Wignall also serves as the Director of the Interdisciplinary Biological Sciences (IBiS) PhD program at Northwestern, and as a Co-Leader of the Cancer Epigenetics and Nuclear Dynamics (CEND) program of the Robert H. Lurie Comprehensive Cancer Center. In addition, she serves on the Editorial Board of the journal Molecular Biology of the Cell, and she is a member of the Public Policy Committee of the American Society for Cell Biology, where she has worked to lobby Congress to support the scientific enterprise.

Sera Young

Sera Young

Professor

  • PhD Institution: Cornell University
  • Home Department: Anthropology
  • Profile

Sera Young is an anthropologist and nutritionist who has dedicated her career to understanding how women, especially in low-resource settings, cope to preserve their health and that of their families.

After her BA in Cultural Anthropology (U of Michigan), she pursued an MA in Medical Anthropology (U of Amsterdam), where she studied maternal anemia in Zanzibar, Tanzania. For her PhD in International Nutrition (Cornell) she returned to observations about anemia in Zanzibar: that anemic women craved earth, raw starch and other non-food substances (pica). During her post-doctoral and faculty positions at University of California (UC) Berkeley, UC Davis, and UC San Francisco, she was involved with a number of studies pertaining to HIV, food insecurity, and infant feeding in sub-Saharan Africa.

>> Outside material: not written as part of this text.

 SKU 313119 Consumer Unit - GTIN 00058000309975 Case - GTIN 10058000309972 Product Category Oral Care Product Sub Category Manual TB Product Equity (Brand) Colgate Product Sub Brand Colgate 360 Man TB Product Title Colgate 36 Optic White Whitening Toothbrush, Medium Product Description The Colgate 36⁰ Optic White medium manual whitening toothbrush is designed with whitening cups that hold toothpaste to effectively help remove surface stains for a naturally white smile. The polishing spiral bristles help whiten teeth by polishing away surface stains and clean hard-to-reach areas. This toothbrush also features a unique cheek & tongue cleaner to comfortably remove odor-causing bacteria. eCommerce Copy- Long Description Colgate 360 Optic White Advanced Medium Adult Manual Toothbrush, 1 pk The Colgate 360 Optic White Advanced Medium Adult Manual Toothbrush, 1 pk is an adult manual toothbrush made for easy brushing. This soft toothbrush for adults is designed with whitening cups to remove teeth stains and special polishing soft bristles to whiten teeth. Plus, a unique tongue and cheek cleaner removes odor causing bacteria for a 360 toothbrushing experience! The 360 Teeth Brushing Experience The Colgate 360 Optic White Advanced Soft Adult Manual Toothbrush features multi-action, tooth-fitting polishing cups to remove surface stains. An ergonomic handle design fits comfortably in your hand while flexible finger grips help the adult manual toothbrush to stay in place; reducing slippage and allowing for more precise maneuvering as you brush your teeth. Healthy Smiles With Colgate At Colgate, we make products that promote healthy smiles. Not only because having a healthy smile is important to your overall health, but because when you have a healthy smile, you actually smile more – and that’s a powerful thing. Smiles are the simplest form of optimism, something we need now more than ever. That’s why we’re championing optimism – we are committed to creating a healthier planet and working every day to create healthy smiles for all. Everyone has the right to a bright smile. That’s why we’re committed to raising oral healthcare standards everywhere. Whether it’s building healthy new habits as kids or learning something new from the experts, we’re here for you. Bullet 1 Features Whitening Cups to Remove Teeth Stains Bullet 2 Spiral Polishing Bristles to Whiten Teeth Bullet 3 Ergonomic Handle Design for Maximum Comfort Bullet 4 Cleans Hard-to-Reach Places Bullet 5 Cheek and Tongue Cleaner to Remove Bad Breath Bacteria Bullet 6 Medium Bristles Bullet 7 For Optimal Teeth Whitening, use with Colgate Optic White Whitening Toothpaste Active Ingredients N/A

Professor Young’s current research is focused on quantifying human experiences with problems with water, and unpacking their consequences for nutrition, health, and well-being. To that end, she led the development of the Water InSecurity Experiences (WISE) Scales, the first cross-country equivalent way of measuring water access and use (www.WISEscales.org). The WISE Scales have now been used by hundreds of entities in more than 50 countries, and were recently recommended by the United Nations’ Joint Monitoring Program for global monitoring.

She has co-authored more than 170 peer-reviewed publications and been funded by the National Institutes of Health, the National Science Foundation, USAID, and FCDO/BMGF; awards include the Margaret Mead Award for her book Craving Earth, the Nevin Scrimshaw Prize, an Andrew Carnegie Fellowship, and a Leverhulme Visiting Professorship at the London School of Hygiene and Tropical Medicine.